From this perspective, it could be said that the first step of disintegrating Iraq is complete. As the second step, the US wants Sunni Arabs to accept and adopt the concept of federalism. Sunnis also say that they will leave Iraq if they stay under pressure for a long time. This shows that the second phase of the plan aiming at the disintegration of Iraq has, to a certain extent, proved successful. The first signal of this phase of the plan came in June of 2011 during the visit paid to Washington by Sunni Arab parliamentary speaker, Usama al-Nujayfi. He said that if the Sunnis are subject to pressure, they would leave the country. (5) Interestingly enough, what the Sunnis had opted for since the invasion of Iraq, was not federalism, but instead, the territorial integrity of the country. However, in recent times the Sunnis seem more willing when it comes to the separation of the country. This indicates that separation threat is getting more and more serious. The withdrawal of the US troops from Iraq has considerably changed political and social values of the country. It has reached to such an extent that the threats for separation is now originating from the groups (such as the Sunnis’ demands for autonomy) which had so far supported Iraq’s integrity. As for the third step, it intends to divide the current Iraq into autonomous regions thereby turning them into small states and later to combine them under three regions namely being the Shiite, Sunni and the Kurdish regions.

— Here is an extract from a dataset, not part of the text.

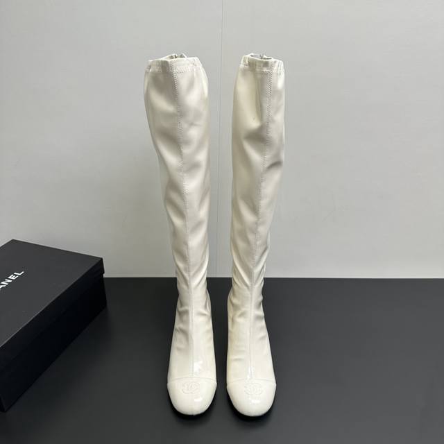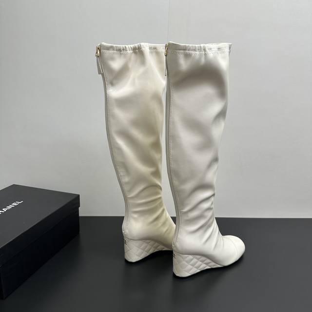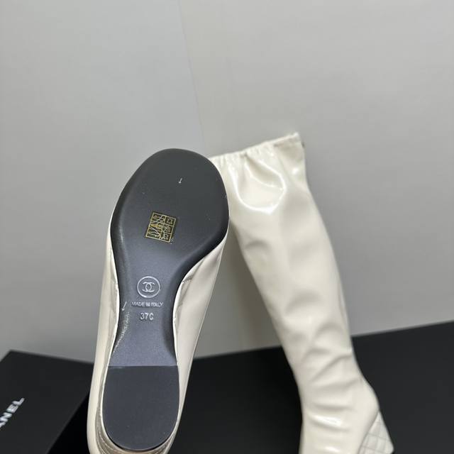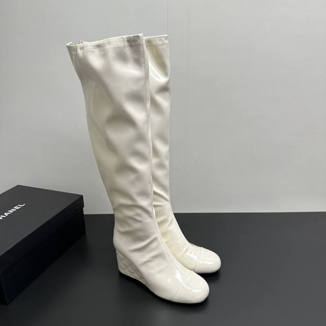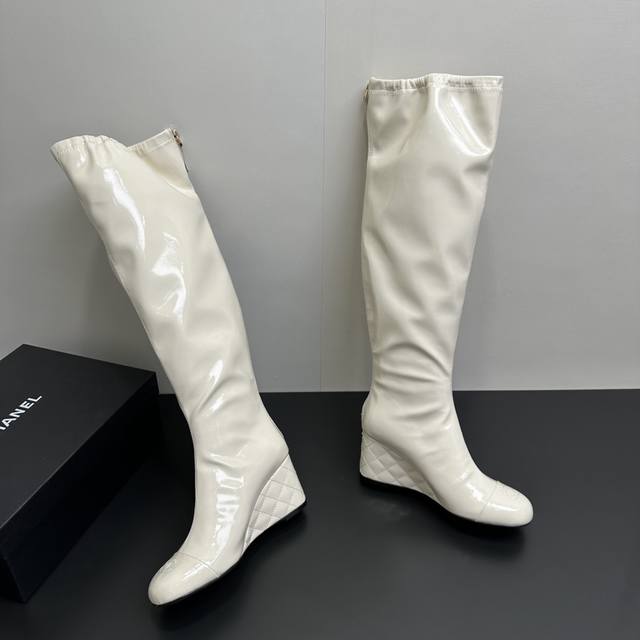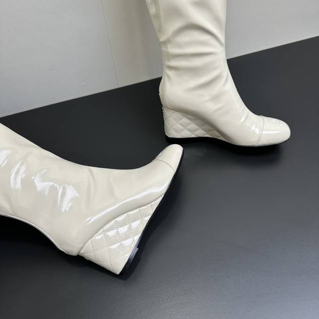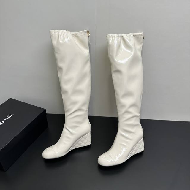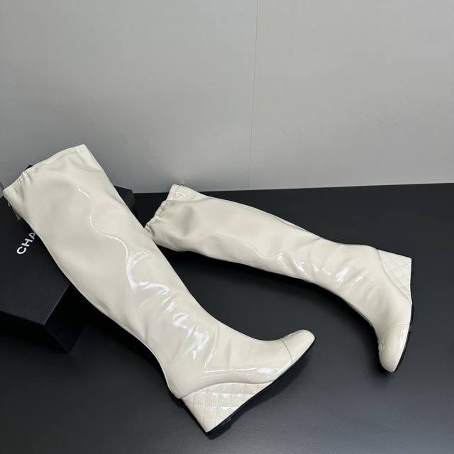 Chanel 香奈儿小香25A 秋冬新款双C菱格坡跟弹力靴过膝长靴漆皮亮面后拉链长靴 鞋头标志性电绣双C标志低调闪耀,不仅是身份象征 更彰显著独特的时尚态度。弹力材质巧妙拼接 贴合腿部曲线,既保证活动自如 又增添几分随性灵动。坡跟设计精妙 高度恰到好处既提供稳健支撑 又能拉长腿部线条轻松打造大长腿视觉效果! 鞋面:定制弹力皮 內里垫脚:贴合弹力莱卡 羊皮 鞋底:意大利真皮大底 跟高:7Cm 筒高46.5Cm 小腿围36Cm 码数:35-39 40.41定做不退换

Under the light of these developments, the Sunnis have been isolated from Iraq’s political arena as a result of Iraq’s Prime Minister Nouri al-Maliki’s policies of keeping Sunni leaders away from the administration immediately upon the withdrawal of the US troops from Iraq. Consequently, the Sunnis may establish an alliance with the Kurds and this, in turn, calls to mind Iraq’s possible separation. Therefore, given the probable new political equation in Iraq, it could be said that a Kurdish-Sunni Arab bloc (that is envisaged to be established within the federative structure supported by Iraqi Kurds) will be against the Shiites in terms of regional support. If such an alliance is established, the most advantageous party will be the Kurdish Regional Government. Kurds can benefit from this new political balance in two ways: firstly, thanks to this alliance, Kurds may strengthen their hand against the Baghdad government in their political crises (as outlined in the  oil and gas law issue in late 2011) and thus make things hard for Maliki. Secondly, the freedom of movement of the Kurdish peshmerga forces in the disputed regions such as Kirkuk, Mosul, Diyala, Hanekin, that cause huge tension between Baghdad and Erbil could increase. Kurds could be said to benefit from the re-escalating Sunni-Shiite tension in Iraq. Besides, if the image of the Kurds as the protectors of Sunni Arab from Shiites is supported by Sunni Arab countries of the region as well, then Arab funds are likely to be transferred to northern Iraq and increased accordingly Here, Iran should also be taken into account. While the Kurdistan Regional Government protects Sunni Arabs, it should be rather cautious in order not to severe its relations with Iran. It should also be noted that Kurds are covertly exerting huge efforts so that they can take an advantage of the tension between Maliki and Tarik al-Hashemi. What’s more, Kurds do not conceal the fact that, both in Baghdad and the region, they want to be a leading player in Iraq’s political arena. Massoud Barzani, right after the Sunni-Shiite tension in Baghdad (the Tarik al-Hashemi and Saleh al-Mutlaq events), made a call for an immediate “national conference” in Erbil. This could be regarded as his move which doesn’t intend to impair his balanced relations with Iran.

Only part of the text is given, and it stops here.